Bryce’s temperatures during the Summer months are normally about 10 degrees cooler than Zion’s. So, a typical summer day of 95 degrees at Zion would be about 85 in Bryce. Spring and fall weathers bring more comfortable readings for outdoor activities when daytime highs at Zion are in the 70s and 80s, and overnight lows are in the 40s. At Zion in the off-season, daytime temperatures range between 50 and 60; while overnight freezing is quite common. Bryce sees a lot of 40s and 50s in afternoons of fall and spring, while nights can be at freezing temperatures. Weather at Zion in the off-season is unpredictable, sometimes snowing and freezing, sometimes dry and jacket weather.
At Zion, you’ll want to avoid long hikes in midsummer, when the sun is baking the park, often causing dehydration; and at Bryce Canyon, winter storms can make hiking on steep trails dangerous with ice and snow. Check weather forecasts before heading through the “Narrows” hike along the Virgin River of Zion. A sudden rainstorm can turn a sleepy stream into a raging torrent, which can carry you to drowning.

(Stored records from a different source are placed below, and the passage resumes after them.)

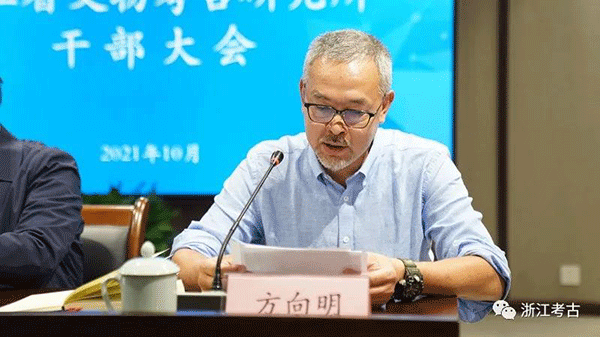 2021年10月29日下午,浙江省文物考古研究所召开干部大会,宣布所长任职决定。浙江省文化和旅游厅党组成员、省文物局局长杨建武出席会议并讲话,新任所长方向明作表态发言,省文物局文物保护与考古处处长李新芳主持会议,省文化和旅游厅人事处处长胡雁、所班子成员及全体在编职工出席会议。
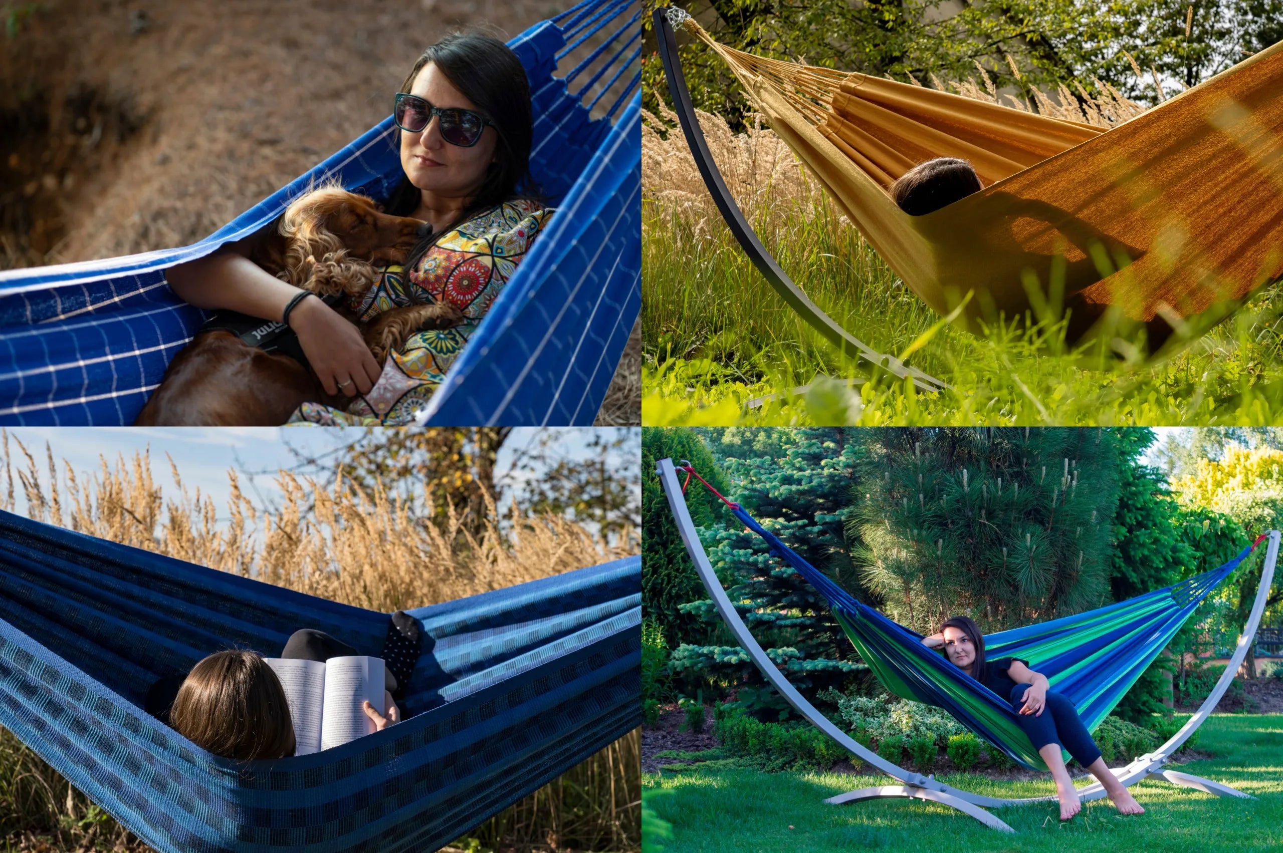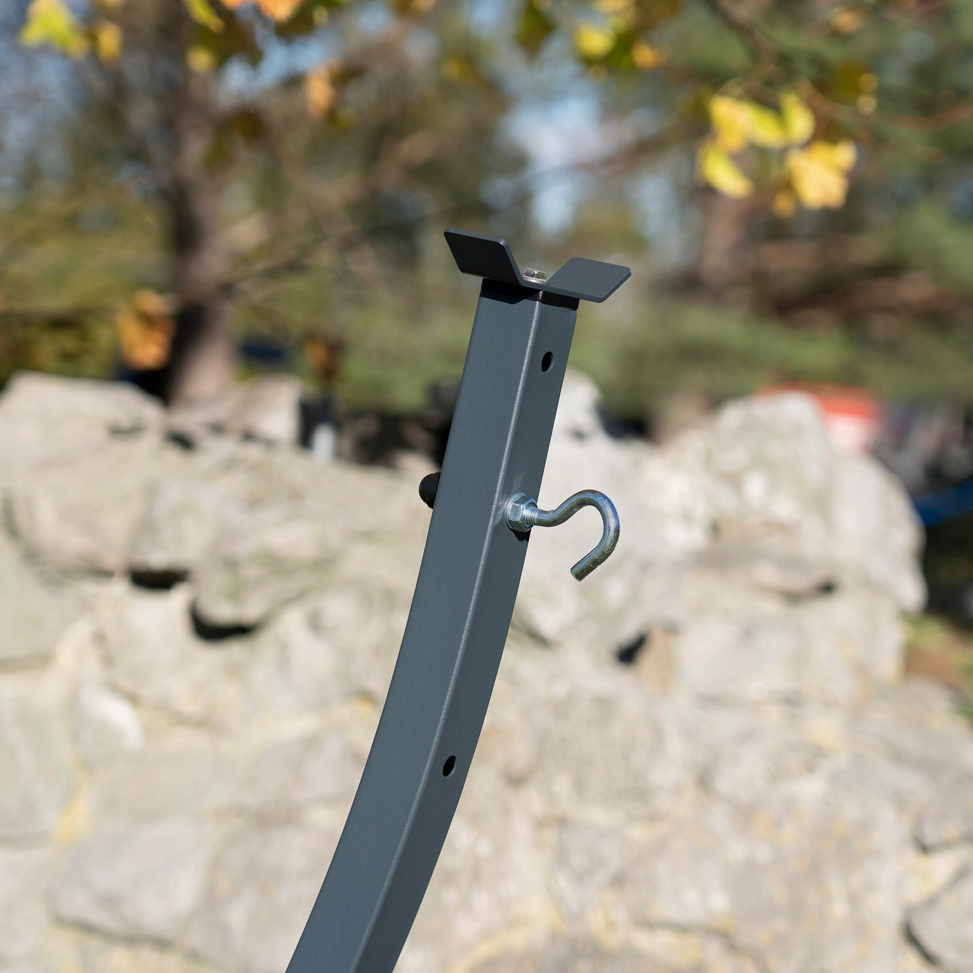 - Privalumai: Ypač tvirtas, smėliasrove apdorotas ir milteliniu būdu dažytas plienas; didelė hamako gramatūra užtikrina ilgaamžiškumą; patentuotos pėdutės stabilumui ir paviršiaus apsaugai; paprastas aukščio reguliavimas.
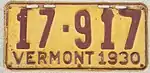 1930 | Embossed maroon serial on tan plate with border line; "VERMONT 1930" at bottom | none | 12-345 | 1 to approximately 85-000 | |
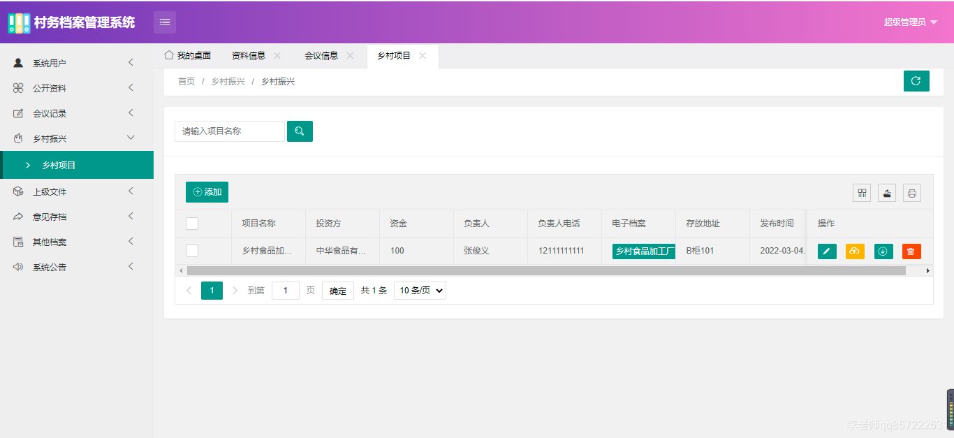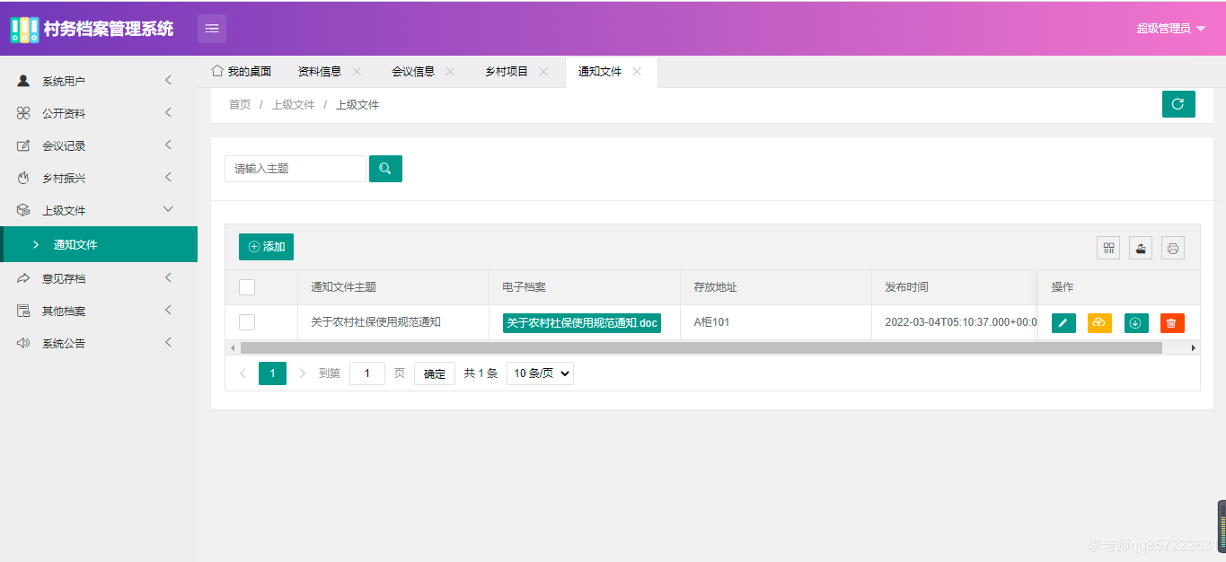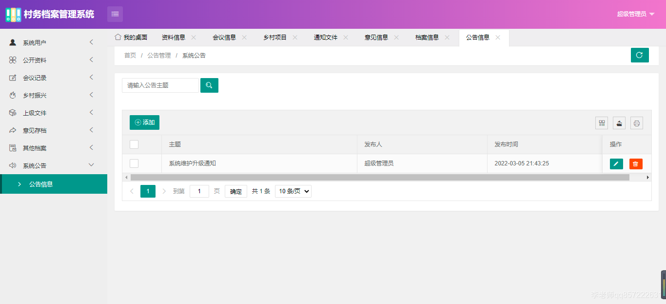 超级管理员:系统用户管理(工作人员管理);公开资料;会议记录;乡村振兴项目;上级文件;意见存档;其他档案;系统公告;个人信息、密码修改

Access to Zion During Winter Months
Fewer visitors in winter mean no shuttle from Springdale’s hotels to Zion in the off-season. Drive your car right up to trailheads, and see things with more independence. And in case someone sprains an ankle, your car is nearby to quickly transport the injured to the comfort and ice of your hotel.
With smaller crowds, you will have better access to park rangers. They are a great resource of information about the park, so pick their brains.
Both Zion and Bryce are rich in colors; though vegetation is markedly less colorful in winter. With fewer visitors in Zion and Bryce during the off-season, wildlife becomes more ubiquitous. You have a better chance of seeing turkeys, deer, elk, and other animals in the colder months. Many gorgeous photos have been snared of wildlife against a background of reddish sandstone, blue sky, and, sometimes, even a snowcapped hill. A scene of orange Hoodoos (naturally-sculpted statues) topped with white snow at Bryce Canyon is unforgettable for many.